Two weeks ago, I wrote a post discussing the attempt among Muslim leaders in Russia to prove that Russian Muslim women are modern and fashionable, unlike Muslims elsewhere. Soon after, fashion made headlines again, this time in the case of Mali, with Yahoo! News reporting on Dakar Fashion Week 2012.

Design by Alphadi. Image via Mirage A Trois.

The event, which takes place in Senegal, has been attracting designers from all over Africa for the past ten years. The event has been reported to attempt to bring Africa forward in the fashion world, and to counter Western fashion houses stealing African aesthetics and motifs.
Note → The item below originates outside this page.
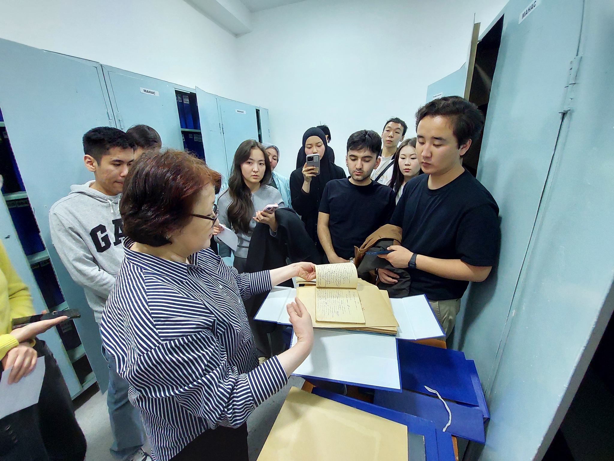 Студенты посетили фондохранилище и увидели первые записи эпоса «Манас», в том числе записи варианта Сагымбая Орозбакова, собранные Каюмом Мифтаковым, Ыбырай Абрахмановым и другими видными учеными. Они также познакомились с рукописными документами разных лет, записаные арабским шрифтом, латиницей и кириллицей. Было отмечено, что многие записи эпоса «Манас» и малых эпосов, сделанные в разные годы, до сих пор остаются неизученными.

Nonetheless, the Yahoo! News article focuses on Malian designers and the fact that fashion seems to be too colorful and perhaps too showy for the Islamists. Mali, a country that is rarely featured in the fashion section of the news, went through a coup d’état earlier this year, and now the northern region is under the control of Ansar Dine, a group commonly identify in the Western media as Islamist rebels, who have also recently attacked Timbuktu.
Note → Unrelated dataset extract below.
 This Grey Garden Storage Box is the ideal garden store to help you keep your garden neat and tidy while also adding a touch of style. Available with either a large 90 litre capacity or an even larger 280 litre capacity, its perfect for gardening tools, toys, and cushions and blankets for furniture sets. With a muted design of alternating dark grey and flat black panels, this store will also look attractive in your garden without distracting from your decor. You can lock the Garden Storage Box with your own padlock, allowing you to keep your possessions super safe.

The article suggests that fashion is too “cool” for these Islamists, as they have taken the conservative approach in endorsing hijab and banning trousers for women. To some degree, the article portrays angry Islamists getting back at fashion designers and perhaps even women. Nonetheless, the issue may be a bit more complex than Yahoo! News analysis. The issue with fashion may be not its colors and uncovered arms, but what it represents. In an interview, designer Sidahmed Seidnaly, aka Alphadi and also known as the Magician of the Desert, expresses his discomfort with the situation in Mali and the push for Shari’ah law in the northern region. Similarly, designer Mariah Bocoum made her five-piece collection to represent the struggle of Malian people and as a way to resist the restrictions now imposed in Mali’s north.

Designs by Mariah Bocoum. Via Tumblr.

Fashion in this setting has become a symbol of resistance, and it is a powerful one because fashion these days is quite mobile. It travels from east to west and from north to south and it is easily picked up by the media, as previous MMW posts have shown. In addition, this fashion is mainly guided towards a female market, and as scholars like Nira Yuval-Davis and Jasbir Puarhave theorized, in nationalist struggles women’s bodies are the first ones to be controlled, secluded and excluded. In situations of conflict, women become a source of either pride or defamation as they also become symbols of the nation.
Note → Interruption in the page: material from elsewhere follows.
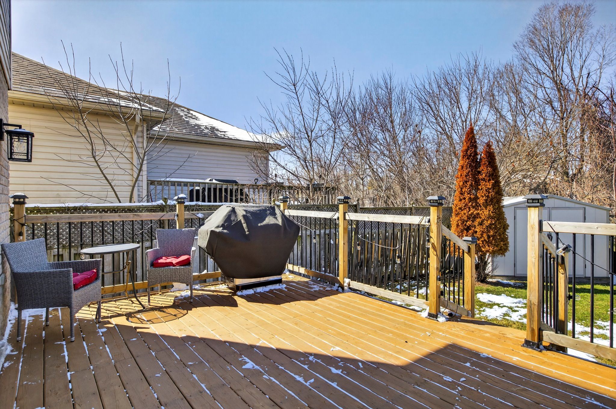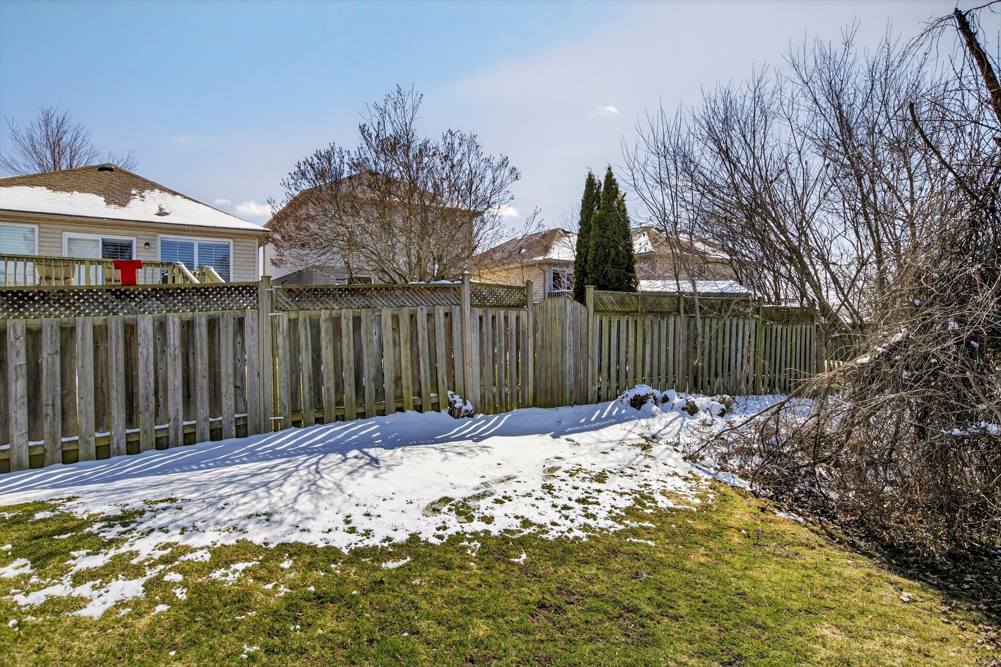 • Fully fenced backyard backing onto greenspace for privacy and relaxation.

Thus, the current situation in Mali is perhaps following the path that many nationalist struggles follow in terms of gender (more in Gender and Nation): women become symbols, and the resistance that fashion brings along may be threatening for an Islamist movement that just gained power. Although perhaps ironic, because fashion in the Western world and in other places like Latin America may just do the opposite, Mali’s designers seem to bring a new proposal for countering the situation.
Unlike the Russian and the Chechen cases, where fashion is being adopted by religious institutions and governments (who then engage in the fashion world in order to put forward an image of the “appropriate” ways for Muslim women to dress), the situation in Mali is following a different route. Fashion as resistance is something what we do not get to see very often, but perhaps it will be a successful way to engage the international community with the situation in Mali, especially the Western world, which can be oblivious to other types of resistance, but seems to respond well to the runways.